I’m having trouble setting up Data Fusion to talk to our SQL Server that runs on our own servers. We use a custom VPC instead of the default Google Cloud network.
This is for a healthcare app so security matters a lot. We already have App Engine Flex working fine with pymssql to talk to the same database through our VPC. Now I want to try Data Fusion for the same thing.
Here’s what I did so far:
- Added the Data Fusion service account to IAM with the Cloud Data Fusion API Service Agent role
- Set the network config in Data Fusion:
system.profile.properties.network = <my_vpc_name>
- Double checked that my SQL Server login and password work
- Made sure the VPC allows traffic on ports 22 and 1433
But I keep getting this timeout error when trying to connect:
Connection timeout occurred. Please check your connection settings. Ensure SQL Server is running on the target host and accepts TCP/IP connections on the specified port. Verify that no firewall is blocking TCP connections to this port.
I just need to get a basic connection working so I can run some test queries. Any ideas what might be wrong?
Interesting that App Engine Flex works but Data Fusion doesn’t… Are you sure the Dataproc workers that Data Fusion spins up can actually reach your SQL server? Check if the service account has compute.instanceAdmin permissions. Also, what IP range is your SQL server on? Does your VPC have the right routing tables for that range?
Had the same prob last month. Check if your SQL server accepts remote connections - it’s often set to local only by default. Also make sure TCP/IP protocol is enabled in SQL Server Configuration Manager, not just the port.

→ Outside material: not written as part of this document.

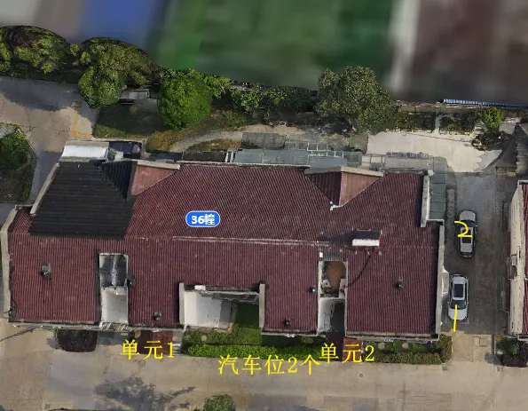 36栋有2个单元门,总高4层,总户数14户,汽车位5个。

The timeout indicates that Data Fusion cannot reach your SQL Server. Given that App Engine Flex is functioning properly through the same VPC, the problem likely lies in the Data Fusion network configuration rather than with the database itself. It’s essential to ensure that your Data Fusion instance has VPC peering established correctly for your custom network. Merely configuring system.profile.properties.network might not suffice if the Dataproc cluster cannot route traffic to your on-premises database. Verify that your VPC has the appropriate routes to your SQL Server and that the firewall rules permit traffic from Data Fusion’s IP ranges, not just specific ports. Additionally, consider enabling Private Google Access on the subnet used by Data Fusion. Testing with a basic pipeline to a cloud SQL Server could help determine whether the issue is related to general connectivity or specifically to your on-premises configuration.